What to produce
When you reach the line that contains "我院研究生在2024年CIM", set down that line and every one after it through the end of the records, exactly as written and with no pictures.

[Excerpts from a dataset]

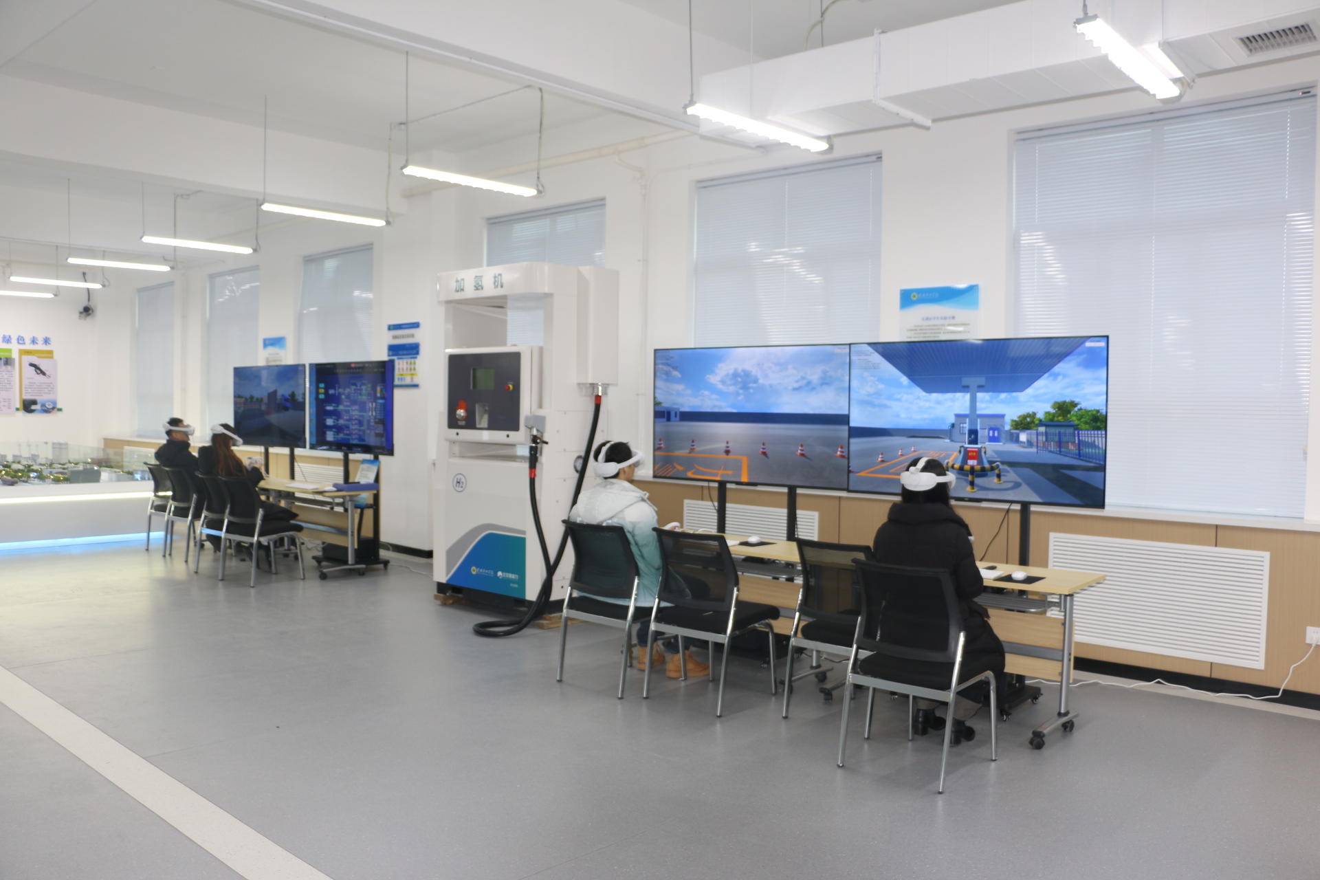 本實訓(xùn)室配備了1臺加氫機和4臺虛擬現(xiàn)實(VR)設(shè)備,能夠開展加氫站結(jié)構(gòu)認(rèn)知實訓(xùn)、加氫站工作流程實訓(xùn)、加氫站設(shè)備運行維護實訓(xùn)以及加氫站安全管理實訓(xùn)等項目。借助這些實訓(xùn)項目,學(xué)生可以詳細(xì)了解加氫站、加氫機以及加氫槍的結(jié)構(gòu)、加氫工作流程、加氫安全管理以及加氫設(shè)備運行維護等方面的知識,從而為將來從事加氫站相關(guān)工作筑牢堅實的基礎(chǔ)。
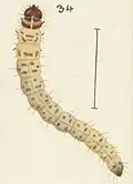 The length of the full-grown larva is about 1 inch. Cylindrical, thickest immediately behind segment 2, otherwise slightly tapering posteriorly. Head shining, deep reddish-brown; plate of segment 2 reddish-brown, darker posteriorly, base of head showing through as two dark lunate marks. General colour of segments 3 and 4 pale ochreous; rest of body pale dull brownishochreous; segments 11 and 12 a little brighter; segments 3 and 4 with elongate dorsal and roundish lateral horny plates, segments 5-12 with four conspicuous dorsal and four or five much smaller lateral horny plates; segment 13 with single series of plates; segment 14 minute with horny dorsal plate and several long bristles; each horny plate on other segments emits a long slender bristle.[7]
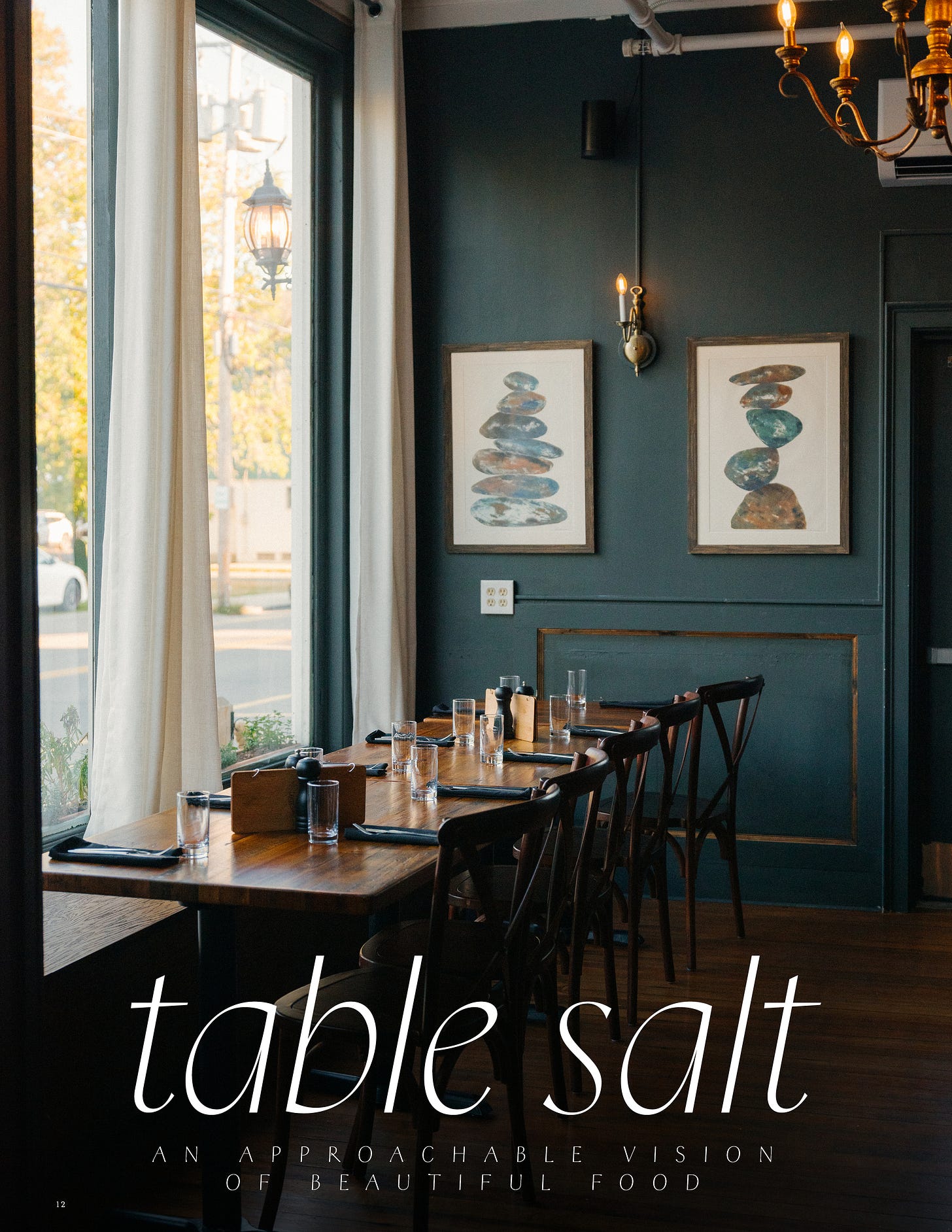 There’s a new restaurant in Bar Harbor, and if the food and operating philosophy are indications of success, it will be serving patrons a very, very long time. Owner Daniel Bockman, a restaurateur from Nashville, opened Table Salt on May 21st, 2025. He and his chef, Aaron Horvath, have quickly established a menu and atmosphere that are “approachable but elevated.” You see this balance from the moment you enter the building. The remodeled Chinese restaurant (you’d have never guessed) is relaxed but without the slackness of ill-design. The waiting staff wear t-shirts but bring a level of service that is meticulous, friendly, and with the manners of a fine dining experience. Even the name itself evokes Daniel’s vision of balance: table salt is common, but it can transform and elevate a dish.
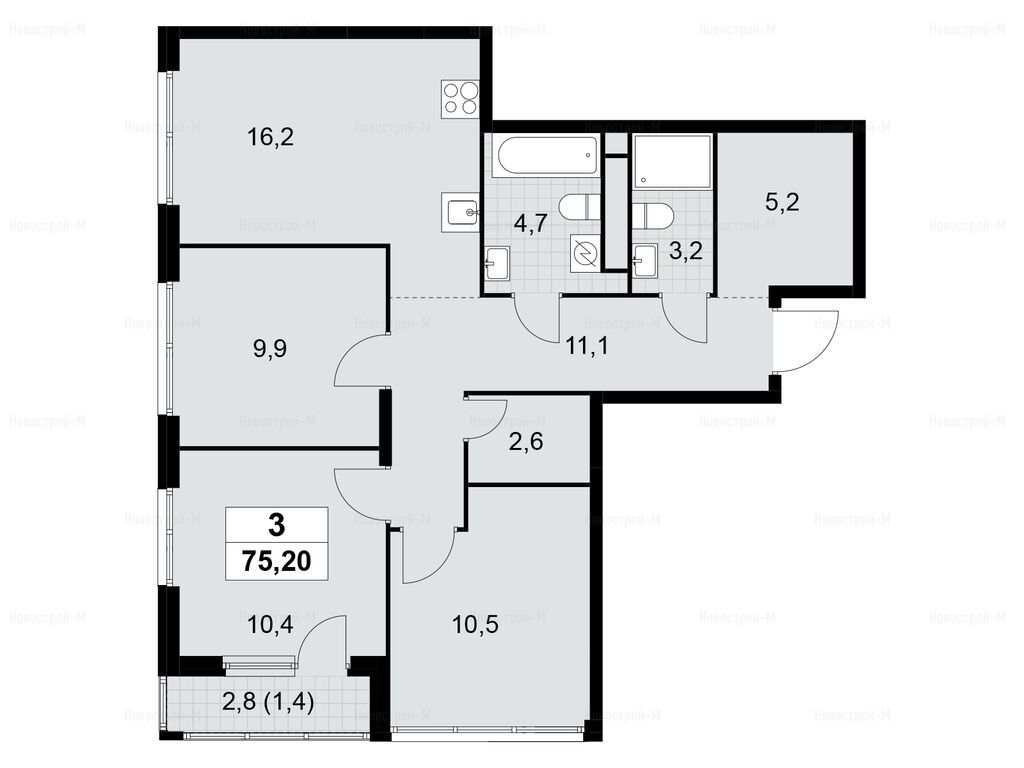 Продается трехкомнатная квартира в новостройке ЖК «Южные Сады» по адресу Москва, ЮЗАО, Южное Бутово, Жилой комплекс «Южные Сады», корп.2.2. Общая площадь квартиры - 75.2 кв. м. Тип проекта, по которому построен дом — Монолит,Железобетон, компания-застройщик — ООО «А101». Стоимость квартиры — 30 650 768 руб. Способы оплаты можно уточнить у продавца. Срок сдачи — 4 квартал 2025. Более подробная информация по телефону.
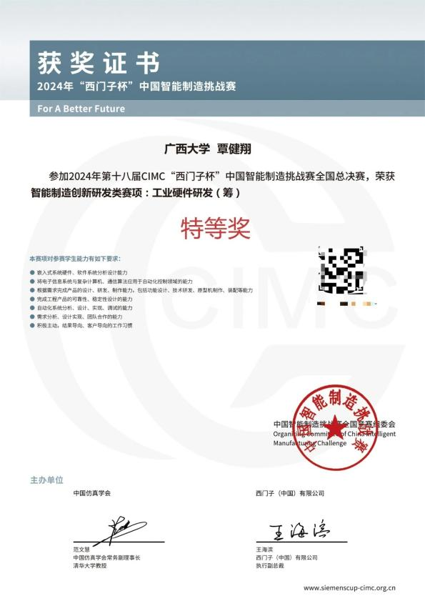 我院研究生在2024年CIMC“西门子杯”中国智能制造挑战赛中,首次在智能制造创新研发类赛项:工业硬件研发(筹)赛项中斩获全国特等奖。
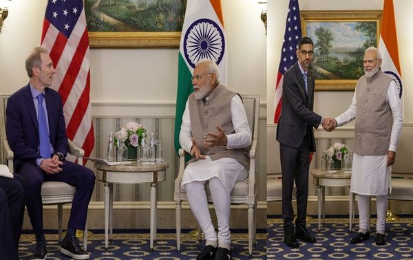 प्रधानमंत्री नरेन्द्र मोदी ने अमरीका की तीन बड़ी कंपनियों गूगल, अमेज़न और बोइंग के मुख्य कार्यकारी अधिकारियों से मुलाकात की। गूगल के सुंदर पिचाई ने श्री मोदी से कहा कि गूगल भारत में डिजीकरण कोष में 10 अरब डॉलर का निवेश कर रहा है। उन्होंने यह घोषणा भी की कि गूगल अपना वैश्विक फिनटेक ऑरपरेशन केंद्र गुजरात के गिफ्ट सिटी में खोलेगा। श्री पिचाई ने कहा कि डिजिटल इंडिया का प्रधानमंत्री का दृष्टिकोण अन्य देशों के लिए भी प्रेरणा का स्रोत है।
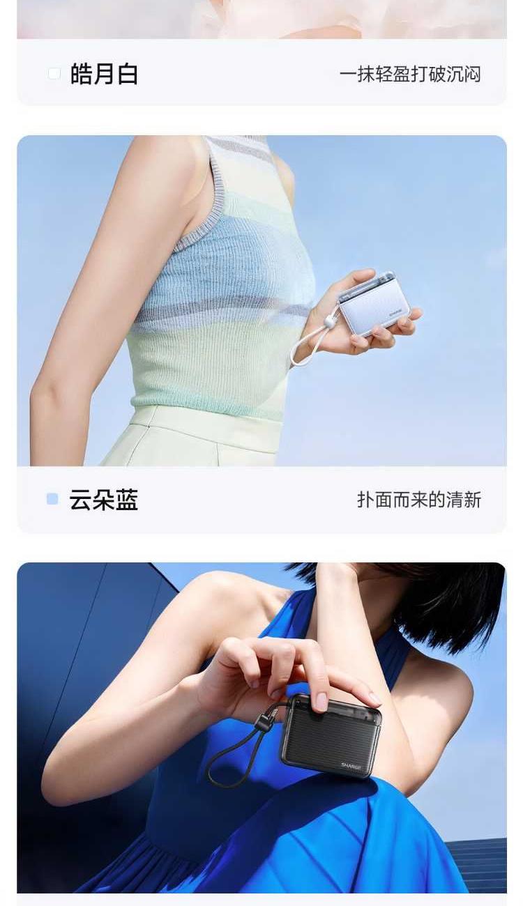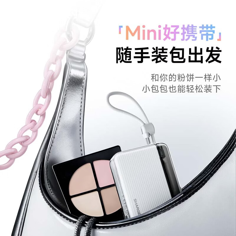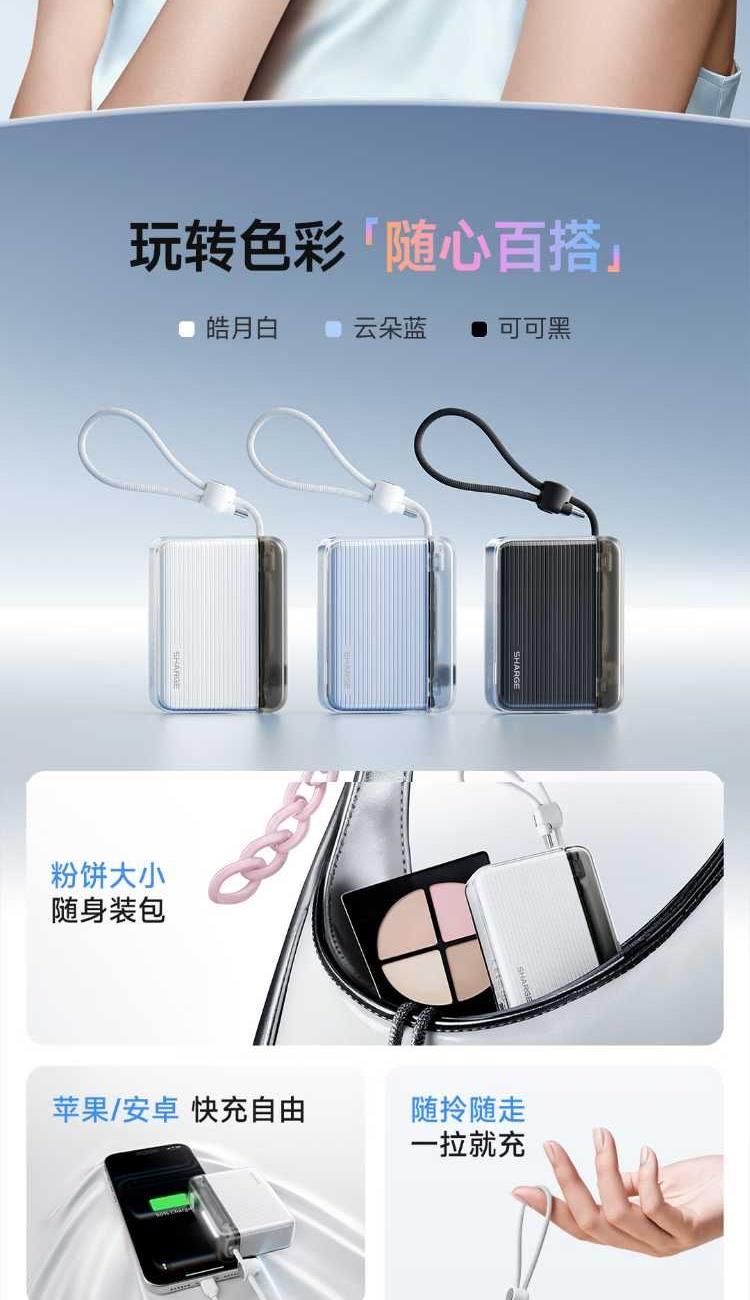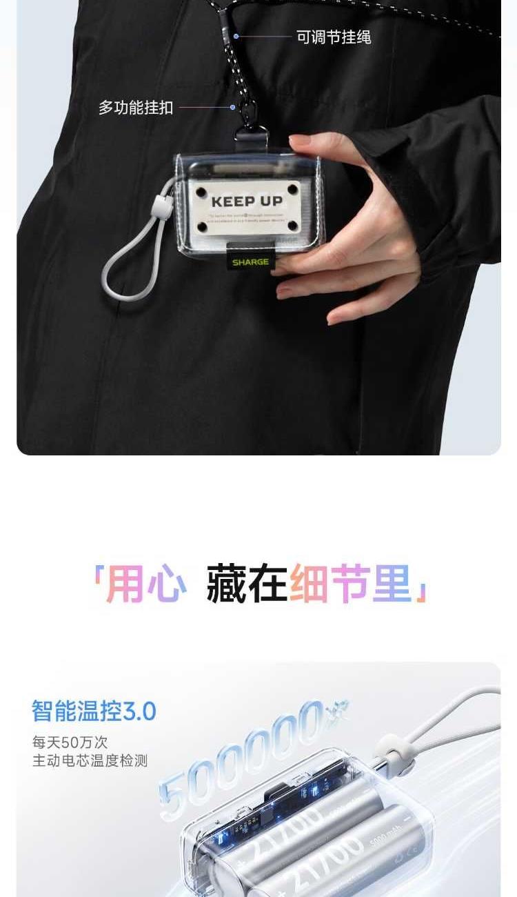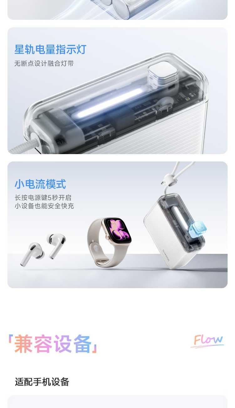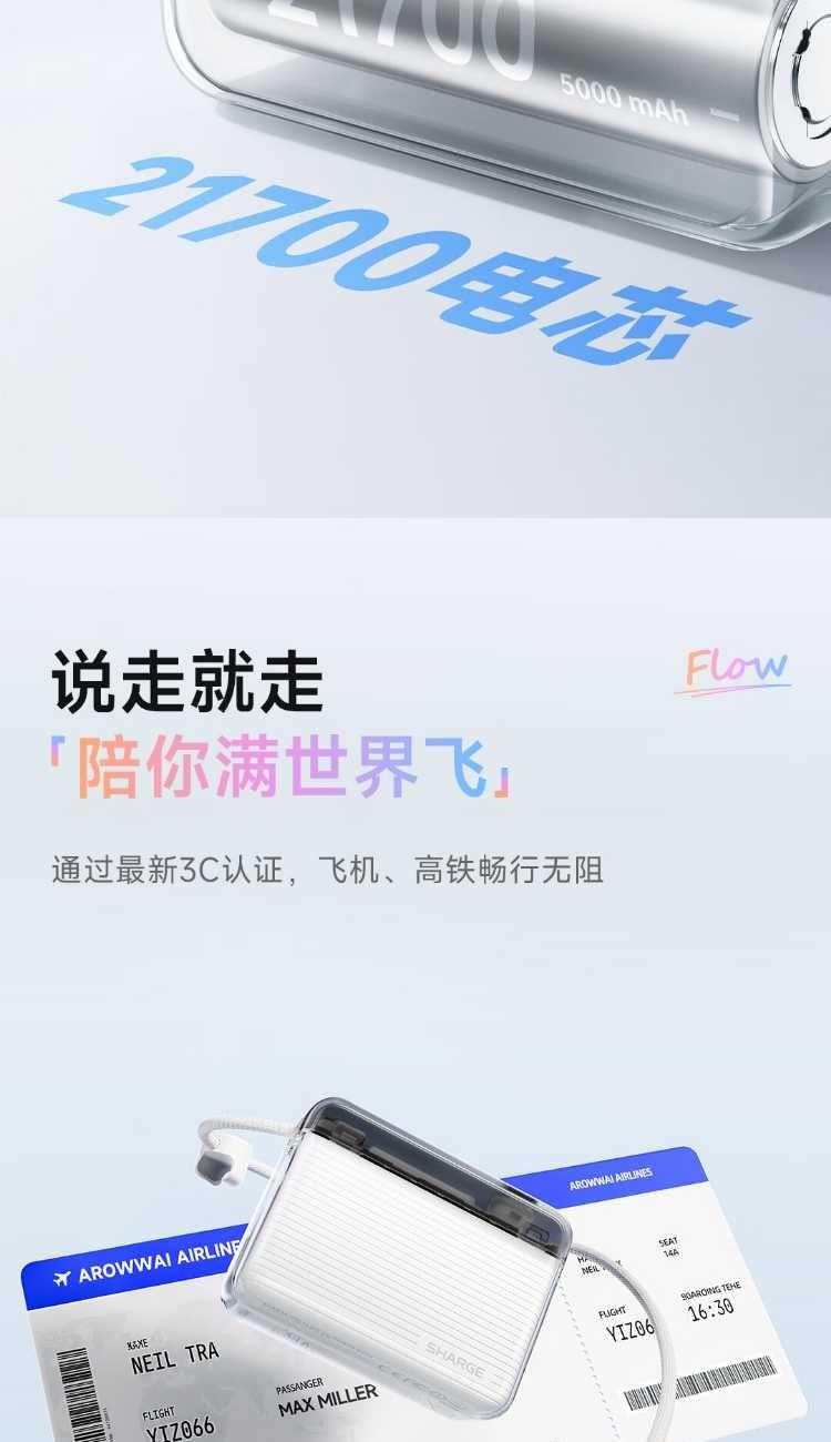 型号:P4 材质:防火PC(V0级) 容量:10000mAh 输出:USB-C线/口:22.5W (Max) USB-C线+USB-C口:5V⎓3A 颜色:黑色/白色/蓝色 接口类型:USB-C线,USB-C口 产品尺寸:8*6*2.85cm 包装尺寸:13.3*12.6*3.7cm 10000mAh,升级自带挂绳C线 升级22.5W快充,3C安全认证 C线+C口 双输出,同时充两台设备 冰感透明外壳设计,21700车规级电芯 星轨灯条电量灯设计,电量显示更加优雅

Task response
 我院研究生在2024年CIMC“西门子杯”中国智能制造挑战赛中,首次在智能制造创新研发类赛项:工业硬件研发(筹)赛项中斩获全国特等奖。
 प्रधानमंत्री नरेन्द्र मोदी ने अमरीका की तीन बड़ी कंपनियों गूगल, अमेज़न और बोइंग के मुख्य कार्यकारी अधिकारियों से मुलाकात की। गूगल के सुंदर पिचाई ने श्री मोदी से कहा कि गूगल भारत में डिजीकरण कोष में 10 अरब डॉलर का निवेश कर रहा है। उन्होंने यह घोषणा भी की कि गूगल अपना वैश्विक फिनटेक ऑरपरेशन केंद्र गुजरात के गिफ्ट सिटी में खोलेगा। श्री पिचाई ने कहा कि डिजिटल इंडिया का प्रधानमंत्री का दृष्टिकोण अन्य देशों के लिए भी प्रेरणा का स्रोत है।
 型号:P4 材质:防火PC(V0级) 容量:10000mAh 输出:USB-C线/口:22.5W (Max) USB-C线+USB-C口:5V⎓3A 颜色:黑色/白色/蓝色 接口类型:USB-C线,USB-C口 产品尺寸:8*6*2.85cm 包装尺寸:13.3*12.6*3.7cm 10000mAh,升级自带挂绳C线 升级22.5W快充,3C安全认证 C线+C口 双输出,同时充两台设备 冰感透明外壳设计,21700车规级电芯 星轨灯条电量灯设计,电量显示更加优雅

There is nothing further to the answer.